Background information
- Born: Beau Alexandrè Dozier November 26, 1979 Los Angeles, California, U.S.
- Died: March 2025 (aged 45)^{[citation needed]}
- Genres: Pop; R&B; pop rock; dance-pop; electropop; hip hop;
- Occupations: Musician; record producer; songwriter; composer; television producer;
- Instruments: Piano; drum kit; bass guitar; electronic keyboard;
- Years active: 1986–2025

= Beau Dozier =

American songwriter and record producer (1979–2025)
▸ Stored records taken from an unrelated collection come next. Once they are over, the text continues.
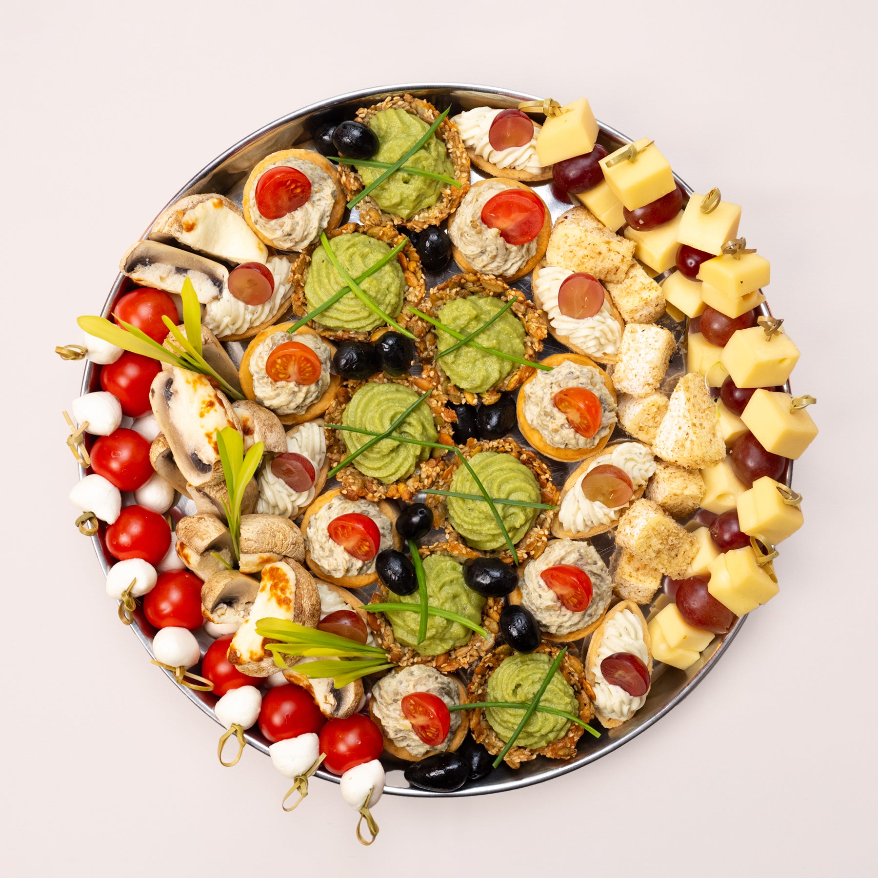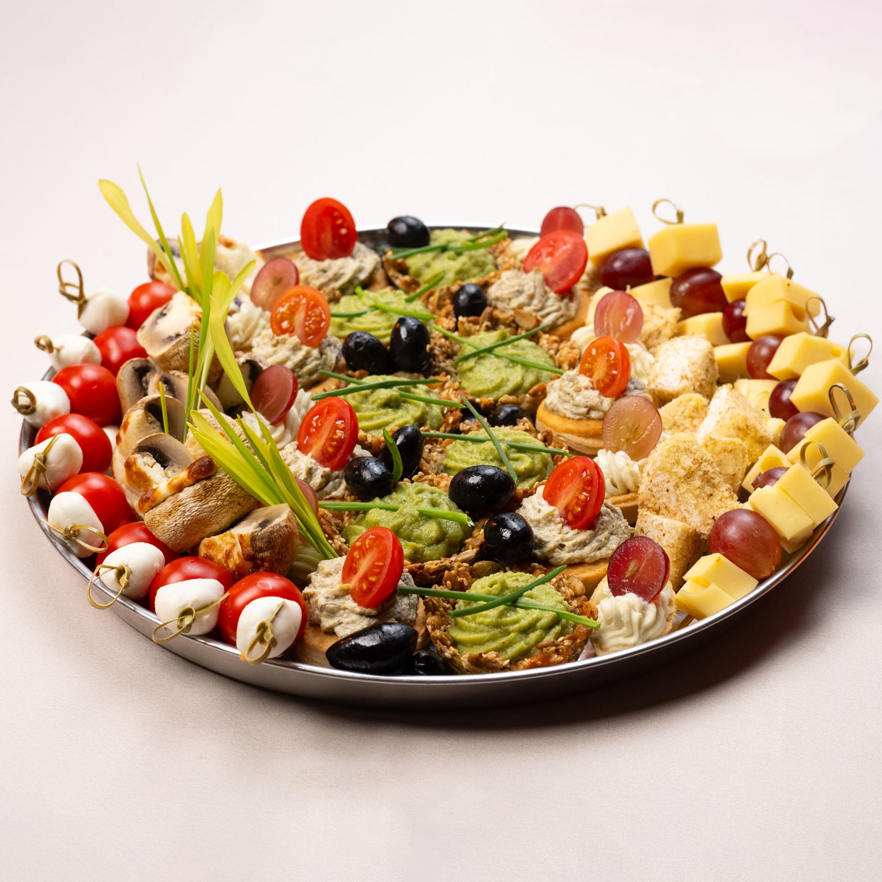 Încântați-vă invitații cu un platou vegetarian deosebit care include coșulețe din semințe cu guacamole, mini-frigărui Schweizer cu struguri, mini-frigărui caprese, biscotă cu vinete și roșii cherry, bărcuță cu gorgonzola, mini-champignon cu burduf, camembert cu nucă și măsline.
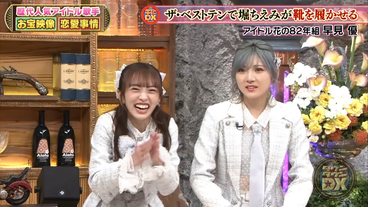 ですよでマッチが行ってね怖かった怖かっ たとか言って戻ってきてみんなで七並べし たの覚えて ますトラントランプトランプゲーム ばっかりそうえでもアイドル同士で同じ 部屋ってマネージャーさんとか怒らない ですかマネージャーさんには内だったのお やすみなさいって言ってままみんなでで ここに部屋入集まってパ誰も間違いは おかさなかったんですか間違いはなかった けどそこであのあペアのブレスレットし てる付き合ってんだとかいうのは分かり ましたすいすごいじゃあそれはっきり誰と 誰か言ってもらい ますもうね40年前だから忘れちゃったん ですすごいあさんどうなのあなた末大会出 たんですか私末大会デビューしてすぐの時 に出させていただいてはい私結構やっぱ ちょっと水得意だったのでうん私ガチ泳ぎ し てゴールしてパッて立ったらもうダトの1 位だったんですよはいはいやたと思って たらなんかまだシとしてるんですねえでえ なんだろうと思ったら ちょっと間がいて皆さんがそろそろそろっ てこうゴールをされてはいはいはいはいそ したらある方がやりましたね1位ですお めでとうございます言って嘘やろはいえ2 位の1人そうま2位だったかどうかも ちょっともう定かじゃないぐらいなんか ババババってゴールをされていてだからま 新人だしはいでまもちろん私がゴールした ところでお前誰やねんていうぐらいそう いや誰がインタビューされてたんじゃそん 時誰だゆさん [拍手] 私 あれえ芸能界そんないや嫌な話やなや いやいやいやいや私違いますあ1位ですよ とかやでも泳いでらっしゃるから多分 わからないも先にゴトしちゃってるんで いやいやいやとんでもないちょっととんで もない全然裏恨みとかも一切なっていや もちろんです全然じゃあなぜ今ここで [拍手] 長さんは長さんあれ私も似たような経験が あって私は僅差でしたけどあのなかった ことになってるような感じでしたえ1位に なったんですけどあのレコード会社対抗 運動会でうんで2位になった方にもう いきなりこうマイクがシュッと言って私は もう画面から一切その後映らなかったえ それあその実際の映像あんねんあえこの めちゃくちゃ怖いぞデビュー前の黒さりと 高橋南のお宝映像大公開え
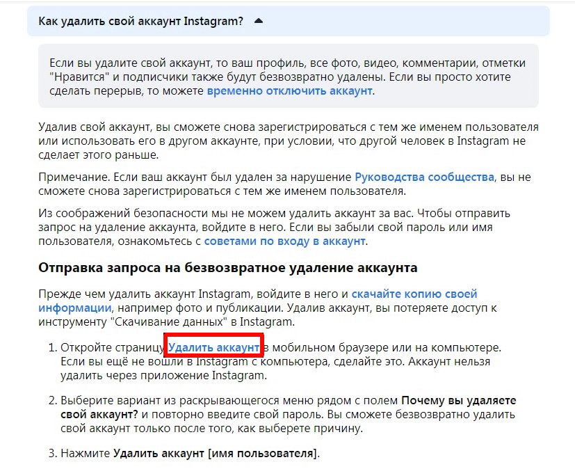 В качестве выводов рекомендуем воспользоваться временным отключением профиля, но если все же решились удалить аккаунт безвозвратно, то советуем прежде чем удалять аккаунт, войти в него и скачать копию своей информации, например фото и публикации. Удалив аккаунт навсегда, Вы потеряете доступ к инструменту “Скачивание данных”.
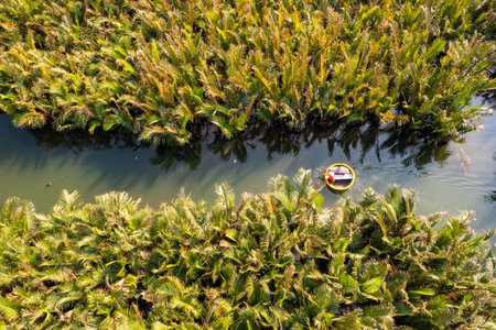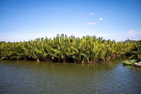 VIEW OF RUNG DUA BAY MAU OR COCONUT WATER ( MANGROVE PALM ) FOREST 7 HECTA IN CAM THANH VILLAGE, HOI AN ANCIENT TOWN, UNESCO WORLD HERITAGE, VIETNAM. HOI AN IS ONE OF THE MOST POPULAR DESTINATIONS
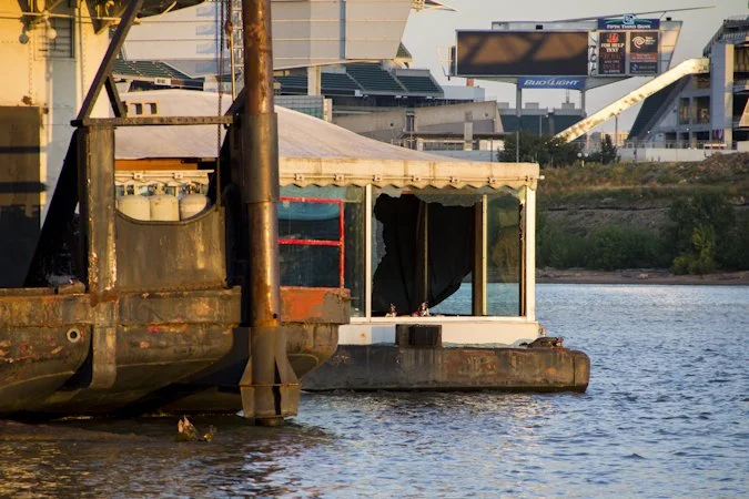 By 2005, the city still hadn't found a buyer for the complex. After flood debris struck the barges and repairs were estimated $1.4 Million, the city closed it down. The buildings were razed and the barges sold as scrap metal. A floating entertainment complex that had been built for nearly $15 Million ended up becoming scrap metal valued at $48,500.
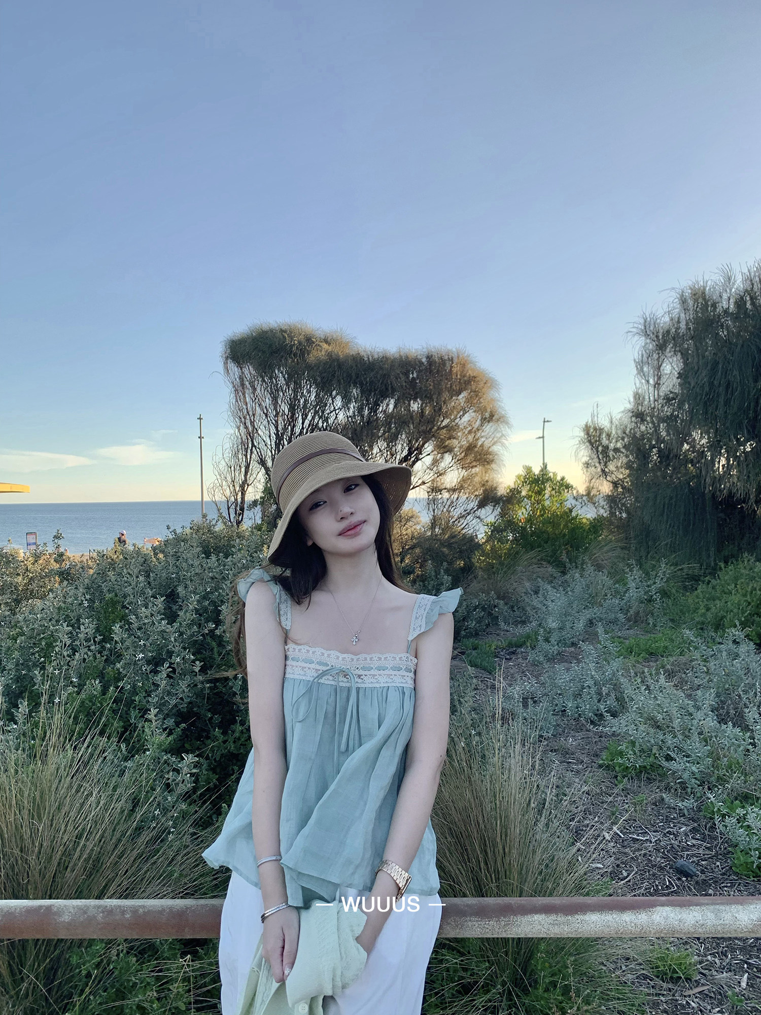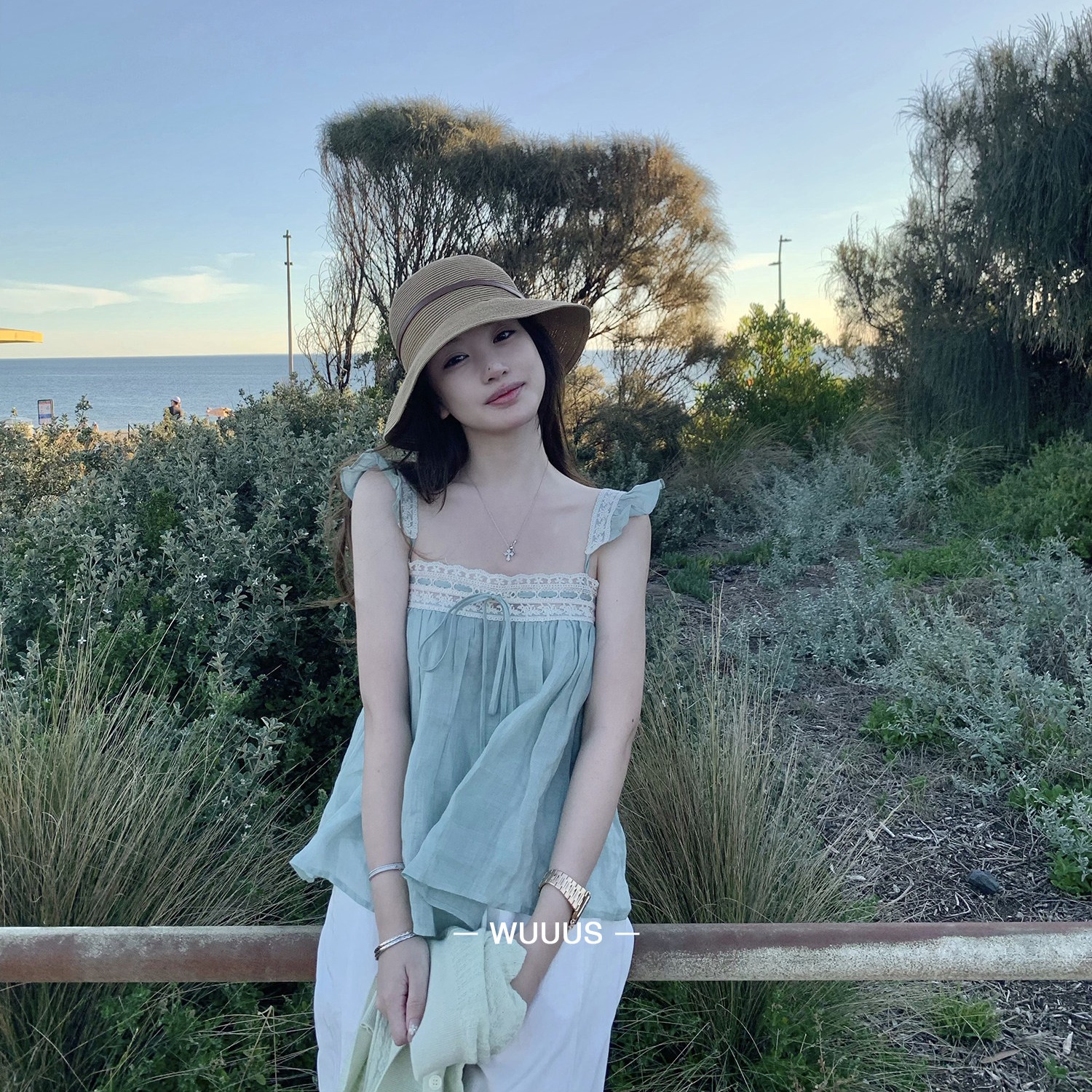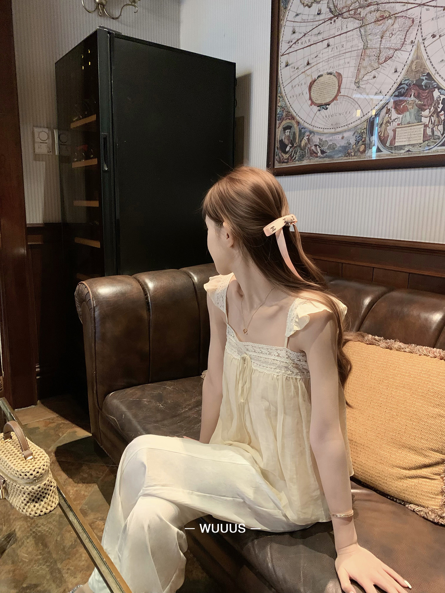 감사합니다. 아니요 고기 망사 오프숄더 민소매 몸매 가꾸기 조끼 여성 여름 3 차원 주름 디자인 센스 얇고 가벼운 통기성 맨위
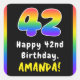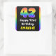 Ce design d'autocollant carré à thème d'anniversaire optimisé et excitant comprend le numéro "42" avec un motif multicolore inspiré du spectre arc-en-ciel, ainsi que le message "Happy 42nd Birthday," et un nom de destinataire personnalisé. Des autocollants comme ceux-ci peuvent être utilisés ou distribués à une fête organisée pour célébrer le 42e anniversaire de quelqu’un, ou peut-être utilisés pour emballer des cadeaux ou préparer des invitations à un tel événement. [~Z0000630]
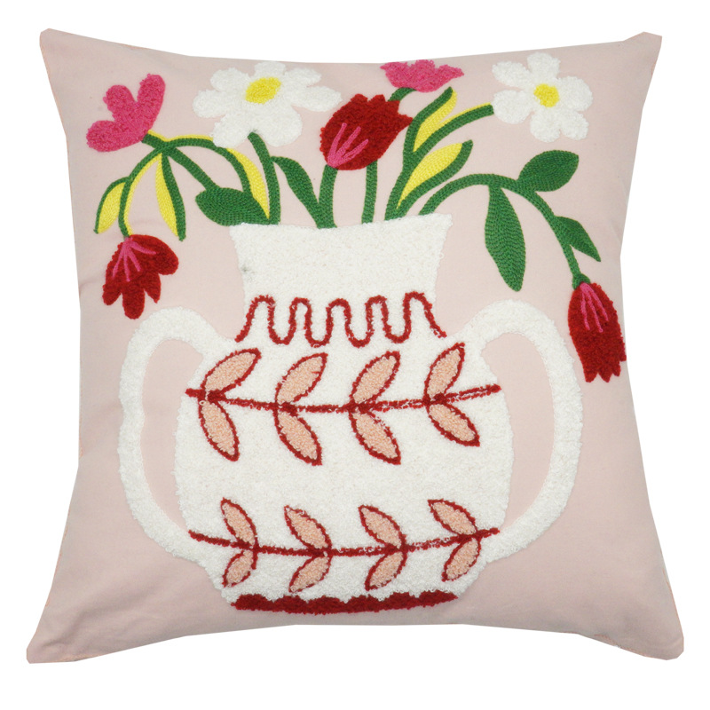 创意北欧ins小雏菊太阳花色抱枕套莫兰迪全棉毛巾绣花朵靠垫垫枕
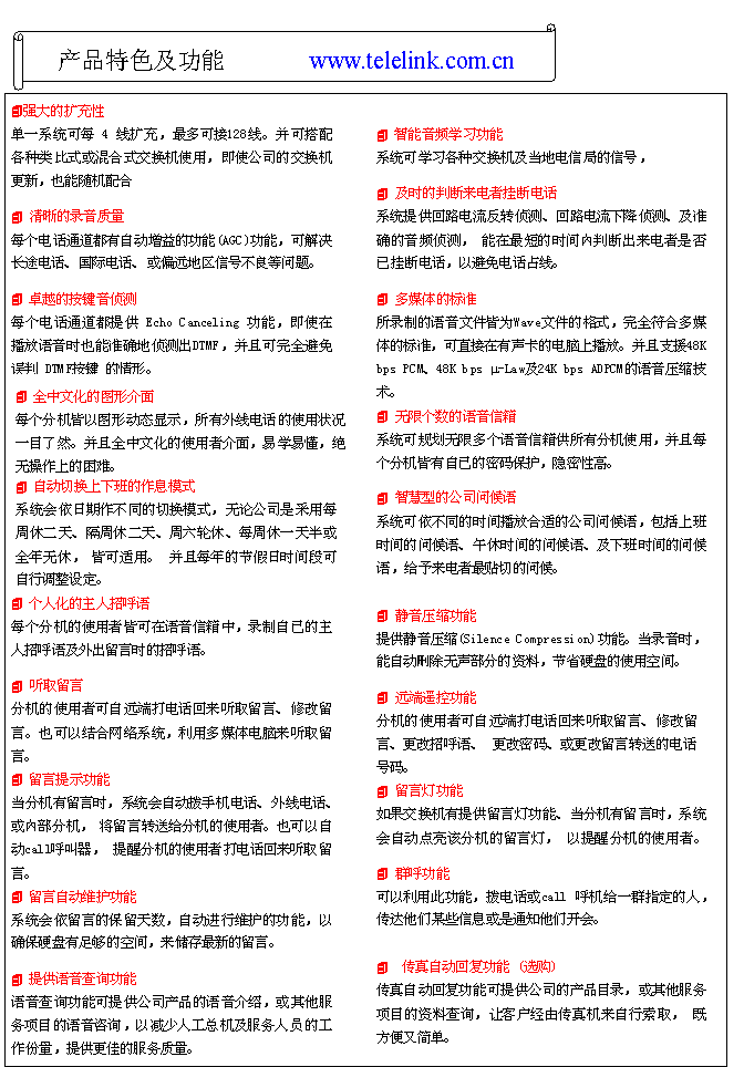 系統(tǒng)可提供直撥分機,呼叫器,電話,移動電話或點留言燈的方式通知分機主人有留言,聽完留言即滅燈

Beau Alexandrè Dozier (November 26, 1979 – March 2025) was an American songwriter, record producer, multi-instrumentalist, and television producer who worked with chart-topping artists of many different genres including Tupac Shakur, Snoop Dogg, Priscilla Ahn, Boyz II Men, The Backstreet Boys, Sir Cliff Richard, and Jennifer Lopez. Dozier was best known for his work developing new pop and R&B talent which led to his role as a producer on American Idol.

==Life and career==
===Early life===
Dozier was born in Los Angeles, California, and was introduced to music at a young age. His father, Lamont Dozier (1941 – 2022), who was best known as a member of the Motown songwriting and production team, Holland–Dozier–Holland and mother, film executive Barbara Ullman, encouraged Dozier to follow his passion for music early in life. At the age of four, Dozier started playing the drums and composing music on the piano.

===Early career===
At the age of seven, Dozier co-wrote and composed the song "I Cry for You" for Ben E. King which appeared on the album Save the Last Dance for Me and on Lamont Dozier's album Going Back to My Roots (The Anthology). In 1993 at the age of thirteen Dozier, also known as Lil' Beau in the hip-hop and DJ world, was signed by Irving Azoff to a record deal with Giant Records. During his time on Giant Records he was featured as an artist and producer on records with west coast rappers Snoop Dogg, Xzibit, Kurupt, Daz Dillinger, Ice-T, King T and Tha Alkaholiks. Dozier was featured on Bad Azz's records "Tha Last Time" and "Too Many Choices". He was also featured as an artist on C-Style Presents 19th Street LBC Compilation on a song he produced called "Paper Chase" as well as producing The 19 Street Records' "Straight Outta Cali" compilation which featured Snoop Dogg, Kurupt, Daz Dillinger, Nate Dogg, Jayo Felony, Tha Dogg Pound, MC Eiht, Crooked I, Bad Azz, Tray Deee, and the group The Dove Shack.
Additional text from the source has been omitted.